You can click on the column names to sort the rows by category.
WebSockets history
The Websockets history subtab shares some of the same columns seen in the HTTP history subtab and includes the following columns specific to WebSocket traffic:
- Direction: Specifies if a message was sent to a server or received by a client.
WebSocket ID: The connection used to transmit a message.
Proxy settings
The Proxy settings subtab pop-up window includes several options for customizing how HTTP traffic is handled by Burp Suite. In this interface, you can change the listening port of Burp Suite, control what traffic is intercepted, how responses are displayed, set match and replace rules, configure HTTP history options, and other miscellaneous settings.
Intruder
This is what started it all—the original Burp tool evolved into what is now referred to as Intruder.

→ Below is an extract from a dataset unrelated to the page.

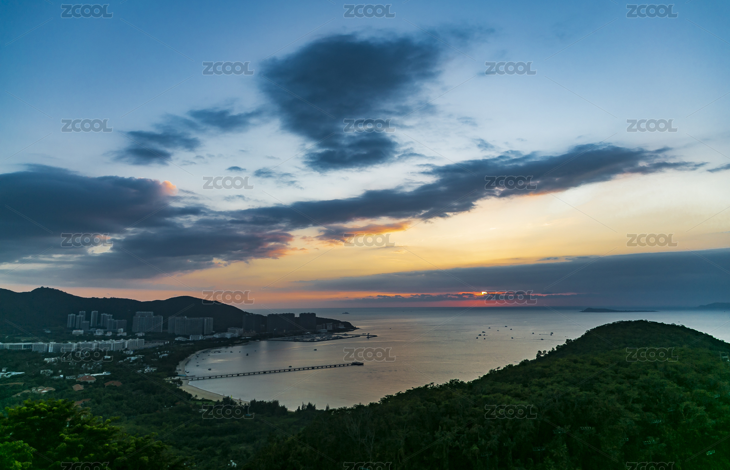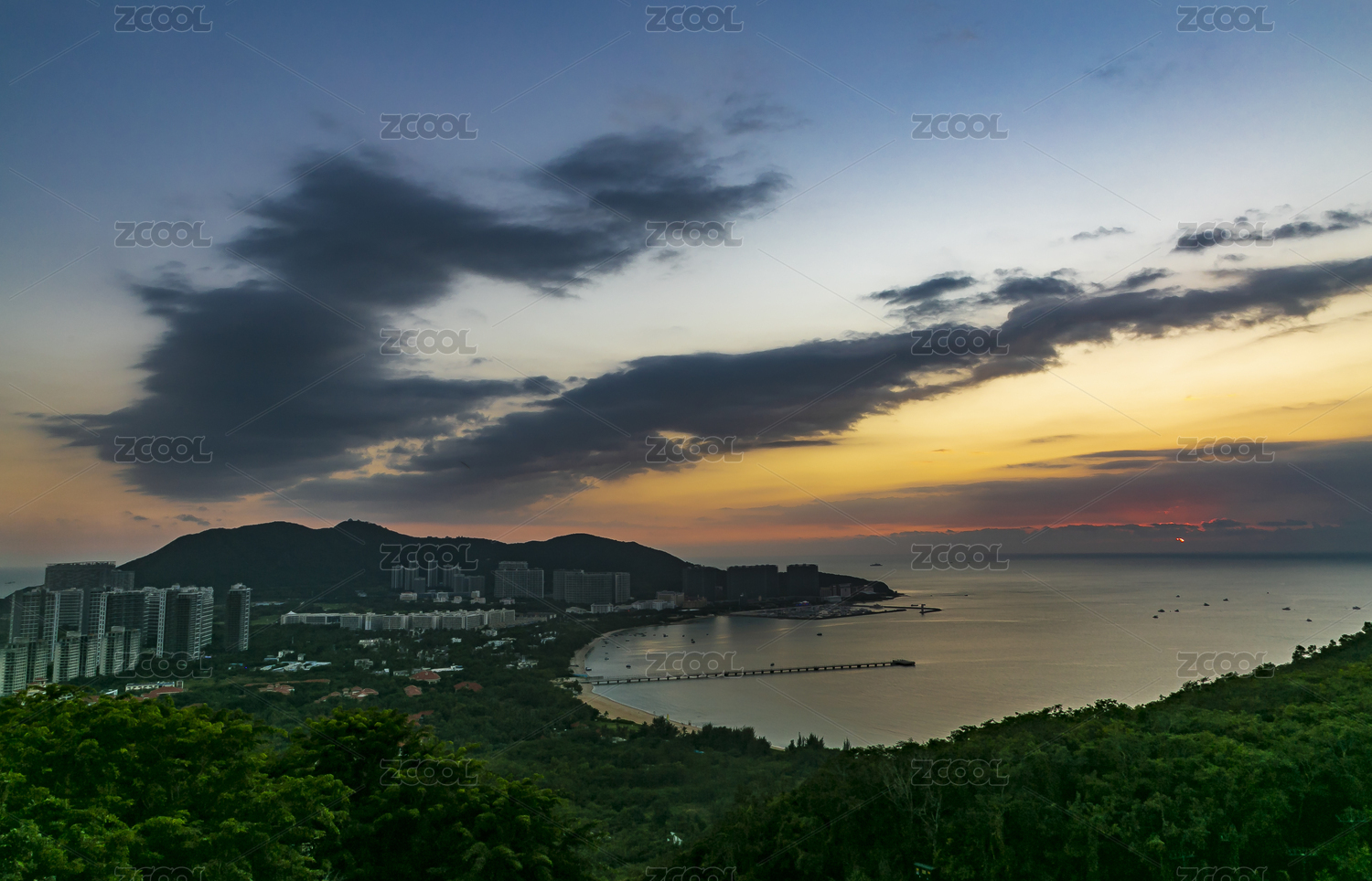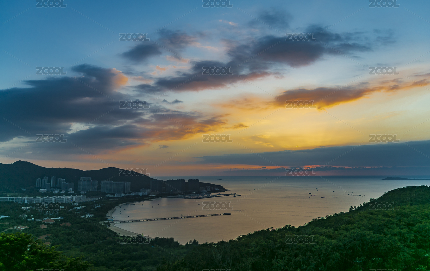 中国,海南省,三亚,鹿回头,傍晚,黄昏,落日,晚霞,大海,海绵

With Burp Intruder, you can iterate through payload requests to fuzz or carry out brute-force attacks.
The Intruder tab includes the Positions, Payloads, Resource pool, and Settings subtabs.
Positions
To mark where a payload or payloads should be inserted, you highlight what is to be replaced and click the “Add §” button in the Positions subtab. The selected area will then be encased with § characters.
Payloads
The Payloads subtab provides an interface to specify the values that will replace the marked position. The value of “Payload set:” refers to the positions in the order they were added. If more than one position was marked, you can select it using the dropdown menu. Expanding the dropdown menu next to “Payload type:” will present a variety of options to choose from.
If you are wanting to use your own saved wordlists (I recommend wordlists provided by AssetNote), keep the default “Simple wordlist” selection and upload the file by clicking “Load” in the “Payload settings [Simple list]” section. For further customization, there are a number of “Payload processing” options available. Special characters (e.g., “&,” which is used to delineate query parameters) can be automatically URL-encoded so they are interpreted by a server as their literal value (“&” becomes “%26”) in the “Payload encoding” section.
Resource pool
In the Resource pool subtab, you can specify how many requests will be sent simultaneously in your Intruder campaign. By default, 10 requests will be sent in parallel, but you can set a custom value by selecting the “Create new resource pool” radio button and filling out the input fields. Being able to configure your own rate of request forwarding is useful when the target has rate-limiting protections in place to avoid triggering the threshold.
Settings
Additional options for request handling, error handling, and result output customization are available under the Settings subtab.
Initializing your Intruder attack
Once you’ve configured Intruder to your desired specifications, click the “Start attack” button in the upper right-hand corner of any of the subtabs to begin sending payload requests. A new window displaying a live feed of the attack will appear. You can sort the column category by clicking on the column name, which is useful for analysis and discovering which payloads received anomalous responses.
Note: The request forwarding rate is throttled in the Community Edition. If you have a Professional license, Intruder attacks take much less time to complete.
Pro tip: You can send any request to Intruder by focusing the request pane and using the shortcut CTRL + i.
Repeater
With Burp Repeater, you can send a request from any other tab that includes a request pane to an interface designed for manual testing. Each time the “Send” button is clicked in Repeater, the request is added to a history log that allows you to spot differences in responses based on the modifications made. To iterate through your request history, use the “<“ and “>“ buttons to move backward and forward through time, respectively. There are several request-handling options available that will be displayed after you click the gear icon to the right of the “Send” button.
Pro tip: You can send any request to Repeater by focusing on the request pane and using the shortcut CTRL + r.
Pro tip: You can give a custom name to a Request tab by right-clicking on it.
Sequencer
Burp Sequencer allows for token analysis to determine the level of entropy (i.e., randomness) across a collected sample.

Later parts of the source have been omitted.